(Beginning of Provided data)

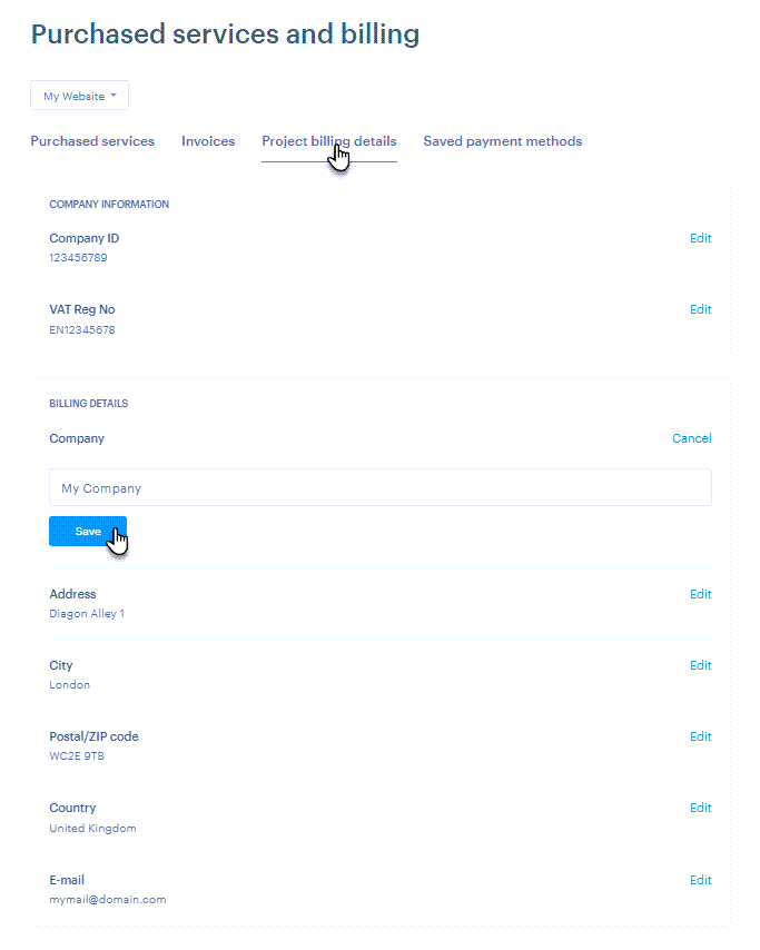 In this guide, you will learn how to edit your billing information, which appears on invoices for Webnode services.
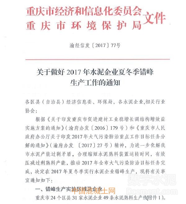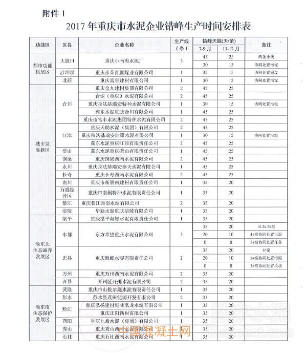 重慶市經濟和信息化委員會和重慶市環境保護局聯合發布了《關于做好2017年水泥企業夏冬季錯峰生產工作的通知》(以下簡稱“通知”)。通知明確,為進一步化解重慶市水泥產能過剩矛盾,合理縮短水泥熟料裝置運轉時間,有效壓減過剩熟料產能,推動2017年全市大氣污染防治目標任務完成,決定在2017年夏冬季(2017年7月1日至9月底、11月1日至12月底)對24個區縣31家水泥企業49條水泥熟料生產線實行錯峰生產。
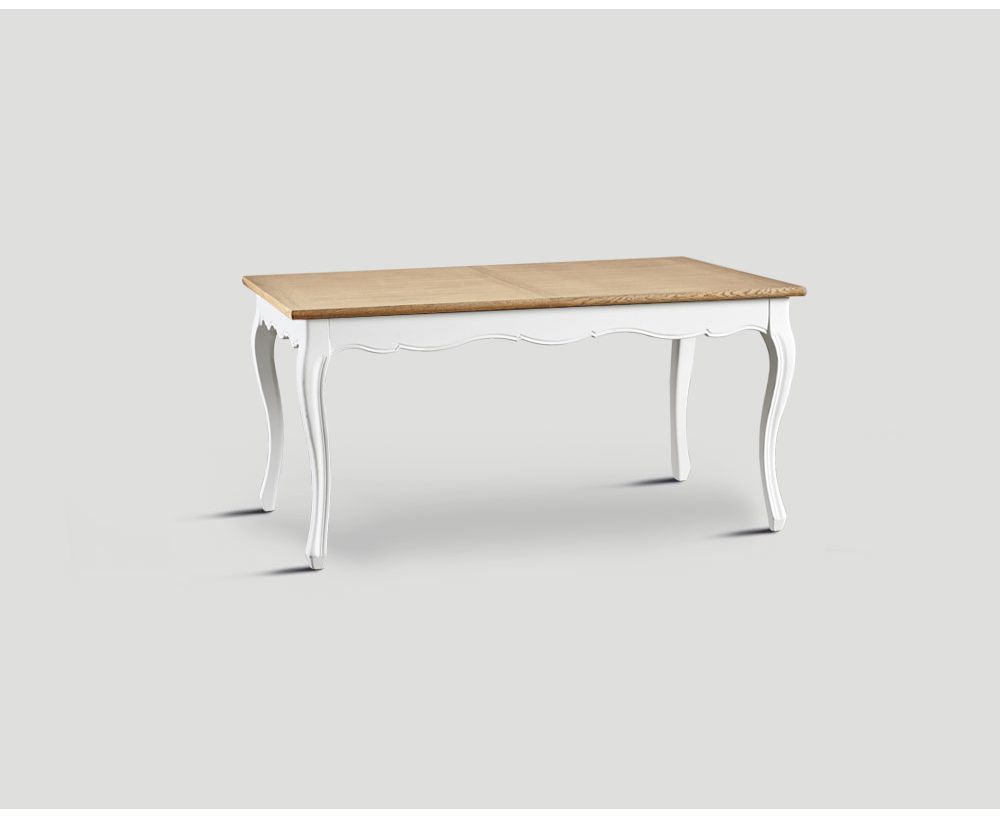 Tavolo rettangolare allungabile con top in rovere finitura Vintage Chiaro, Base laccata Bianco Vissuto

(End of Provided data)

What you should do
Starting with the line that holds "重慶市經濟和信息化委員會和重", print each line through the last one of the data exactly as written, but do not include the pictures.

Exercise output
 重慶市經濟和信息化委員會和重慶市環境保護局聯合發布了《關于做好2017年水泥企業夏冬季錯峰生產工作的通知》(以下簡稱“通知”)。通知明確,為進一步化解重慶市水泥產能過剩矛盾,合理縮短水泥熟料裝置運轉時間,有效壓減過剩熟料產能,推動2017年全市大氣污染防治目標任務完成,決定在2017年夏冬季(2017年7月1日至9月底、11月1日至12月底)對24個區縣31家水泥企業49條水泥熟料生產線實行錯峰生產。
 Tavolo rettangolare allungabile con top in rovere finitura Vintage Chiaro, Base laccata Bianco Vissuto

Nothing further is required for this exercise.